Thoreau was not a systematic philosopher but advanced his thought by embedding his ideas in the context of descriptive narrative prose.  He is best known for Walden and Civil Disobedience, but wrote many other articles and essays.  Thoreau's Civil Disobedience influenced later nonviolent reformers, Gandhi and Martin Luther King, Jr. [http://plato.stanford.edu/entries/thoreau/].

Thoreau studied a wide range of philosophical literature, from classical Greek and Roman authors to modern philosophers and the writings of his contemporaries.  He was one of the few Western writers to explore ancient Eastern thought.  He also gained insights from Taoism and other ancient Chinese traditions.  Thoreau developed his own unique philosophy, particularly through his "experimental" austere life in nature at Walden.  Thoreau limited his possessions to bare necessities.  He left behind the trappings of modern culture, such as cities, economic and social life, customs, traditions, and what people generally conceive as "needs."  Thoreau understood nature as a direct manifestation of deity and spirituality.  He tried to listen to the language of all things and to see God in nature.  Nature was for him a living cathedral where human spirituality was cultivated without separating the aesthetic and the sensual [http://www.walden.org/thoreau/]


During his Walden experiment, Thoreau reduced life to the bare essentials without the necessities of life.  He grew only as much food as he needed and worked enough to provide shelter.  He led his life apart from the influence of society.  He was arrested for not paying his poll tax in protest of the Mexican War.  He wrote Civil Disobedience after his night in jail.  Thoreau questioned who had primacy, the laws of a state or a man's conscience.  This was his stand against the effects of "The Establishment."  Thoreau felt society had undue influence on an individual achieving ones own self-reliance and true self [http://www.newworldencyclopedia.org/entry/Henry_David_Thoreau].




In 1967, a study in Time Magazine on hippie philosophy credited the foundation of the hippie movement as far back as the counterculture of the Ancient Greeks.  Other notable inflences of the hippie movement were the religious and spiritual teachings of Henry David Thoreau, Buddha, St.

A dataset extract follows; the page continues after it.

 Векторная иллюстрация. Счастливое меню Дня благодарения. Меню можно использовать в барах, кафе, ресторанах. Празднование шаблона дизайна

Francis of Assisi, Gandhi, and J.R.R. Tolkien.  By 1965, hippies had become and established social group in the U.S. and the movement expanded as far as Europe, Australia, Canada, New Zealand, Japan, Mexico, and Brazil.  Hippie culture spread worldwide through music, literature, dramatic arts, fashion, and visual arts.  Hippies rejected established institutions, criticized middle class values, opposed nuclear weapons and the Vietnam War.  They embraced aspects of Eastern philosophy, championed sexual liberation, were often vegetarian and eco-friendly, promoted the use of psychedilic drugs which they believed expanded one's consciousness.  Hippies created communes as a means of avoiding societies influences.  Hippies opposed political and social orthodoxy and chose a gentle and nondoctrine ideology that favored peace, love and personal freedom which is expressed in The Beatles' song "All You Need is Love".  Hippies perceived the dominant culture as a corrupt, monolithic entity that exercised undue power over their lives, calling this culture "The Establishment."  Hippies were seekers of meaning and value and were described as a new religious movement [http://www.hippy.com/modules.php?name=News&file=print&sid=9] [http://www.mtholyoke.edu/courses/rschwart/hist255-s01/boheme/hippies.htm].

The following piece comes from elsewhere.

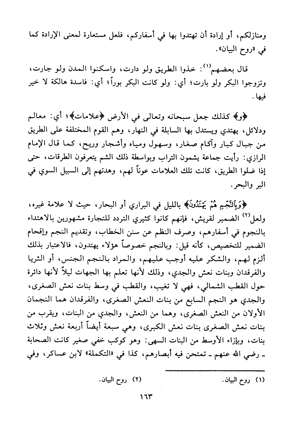 16 - {و} كذلك جعل سبحانه وتعالى في الأرض {علامات}؛ أي: معالم ودلائل، يهتدي ويستدل بها السابلة في النهار، وهم القوم المختلفة على الطريق من جبال كبار وآكام صغار، وسهول ومياه وأشجار وريح، كما قال الإِمام الرازي: رأيت جماعة يشمون التراب وبواسطة ذلك الشم يتعرفون الطرقات، حتى إذا ضلوا الطريق، كانت تلك العلامات عونًا لهم، وهدتهم إلى السبيل السوي في البر والبحر.

The hippies were heirs to a long line of bohemians that included William Blake, Walt Whitman, Ralph Waldo Emerson, Henry David Thoreau, Herman Hesse, and Oscar Wilde.  Hippies don't impose their beliefs on others but seek to change the world through reason and by living what they believe.  Once a hippie always a hippie.  In the same way, Thoreau developed his own unique philosophy through his "experimental" austere life in nature.  Thoreau's life and writings have continued to provoke generations of readers to contemplate their obligations to society, nature and themselves.  Walden has powerfully affected environmentalists, even today, for Thoreau's crucial environmental concerns regarding the natural habitat  [http://www.newworldencyclopedia.org/entry/Henry_David_Thoreau].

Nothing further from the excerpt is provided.